O jornalismo não pode nem deve ser sensacionalista. Tem que ser rigoroso, factual e isento. Apesar disso, as notícias mais ligeiras e positivas também fazem falta e nesse caso o jornalismo pode também ser mais informal. Menos cinzento. Desde que respeite a ética jornalística, os valores e bom senso que nos deve caraterizar.

Investigações em profundidade e de serviço público, como a SIC apresentou sobre o "Luanda Leaks", são o caminho a seguir?
As investigações jornalísticas são um trunfo. Sobretudo quando são bem feitas e sustentadas como as reportagens feitas pela SIC no âmbito do "Luanda Leaks". O jornalismo tem essa função. Denunciar factos, provas, lançar o debate, questionar. Sempre.
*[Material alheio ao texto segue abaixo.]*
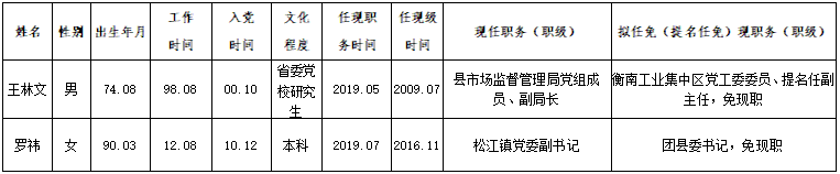 中共衡南縣委關於新冠肺炎疫情防控一線表現突出擬提拔和進一步使用幹部任前公示

Dá aulas no ISEG e na ETIC. Que disciplinas leciona?
Jornalismo e apresentação de televisão.

Não é novidade dizer que o jornalismo está em crise, tanto o modelo de negócio, como os próprios órgãos de comunicação. Concorda com o apelo do Presidente da República para que o Estado intervenha no auxílio aos títulos em dificuldades?
Acho que devem ser estudadas medidas diretas e indiretas para apoiar os meios de comunicação. Estamos a falar de um pilar fundamental da democracia.  
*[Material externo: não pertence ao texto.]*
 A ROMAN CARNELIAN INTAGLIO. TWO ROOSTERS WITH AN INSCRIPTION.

Sobre a profissão de jornalista, costuma dizer-se que se sabe a que horas se entra, mas não se sabe a que horas se regressa a casa. Sente que estas novas gerações estão suficientemente mentalizadas para esta lógica de exigência e dedicação total?
Espero que estejam... porque a realidade é mesmo essa e a notícia não escolhe hora laboral. É impressionante como, perante um breaking news, os jornalistas se encaminham para a redação de forma voluntária para noticiar tudo e anunciar os desenvolvimentos em primeira mão. Esse espírito proativo tem que estar presente.

É licenciada em Ciências da Comunicação, na vertente jornalismo. A cada vez mais difícil empregabilidade no meio pode levar a que muitos jovens desmobilizem de seguir esta carreira?
Acho que devemos sempre seguir os nossos sonhos e trabalhar muito. Persistência e resiliência são palavras chave. Às vezes temos que ouvir um «não» e dar um ou dois passos atrás... mas a sorte dá sempre muito trabalho e várias horas de dedicação.

Moderou no início de fevereiro um painel no Fórum Educação e Mudança, subordinada ao tema da transformação digital. Em que medida é que o novo paradigma digital está a transfigurar o modo como se comunica e como circula a informação?
A SIC tem bem presente essa aposta no digital. A internet é cada vez mais uma ferramenta de pesquisa, fonte de informação e mais imediata. Devemos tirar o maior proveito dessas ferramentas tecnológicas e das competências digitais como fatores de mudança para uma educação e informação de melhor qualidade. Tendo sempre um olhar crítico em relação aos conteúdos de forma a identificar e combater as fake news.

Uma pergunta final, com uma incursão pelo lado mais lúdico da sua vida. É praticante regular de kickboxing. É este o seu escape ou também uma forma de defesa pessoal?
Começou por ser uma forma de defesa pessoal e acho que todos deveríamos ter estes conhecimentos. Passou depois a ser terapêutico. Uma forma de manter a calma e tranquilidade perante o caos e de libertar o peso da "mochila" e das informações que carrego. Não consigo ficar indiferente às notícias que dou diariamente: é uma espécie de ioga para canalizar energias boas.

 

CARA DA NOTÍCIA

A pivô da meia noite

Ana Patrícia Carvalho, 34 anos, nasceu no Barreiro, distrito de Setúbal. É jornalista da SIC desde 2007 e apresenta de forma regular o "Jornal da meia da noite" na SIC-Notícias e as edições da noite ao fim de semana. É licenciada em Ciências da Comunicação, vertente de jornalismo, pela Universidade Independente e pós-graduada em Comunicação e Jornalismo Desportivo no ISLA - Escola de Estudos Universitários do Real Madrid. Frequentou, também, os cursos de rádio e televisão no Cenjor. É docente no Instituto Superior de Economia e Gestão de Lisboa e na Escola de Tecnologias, Inovação e Criação.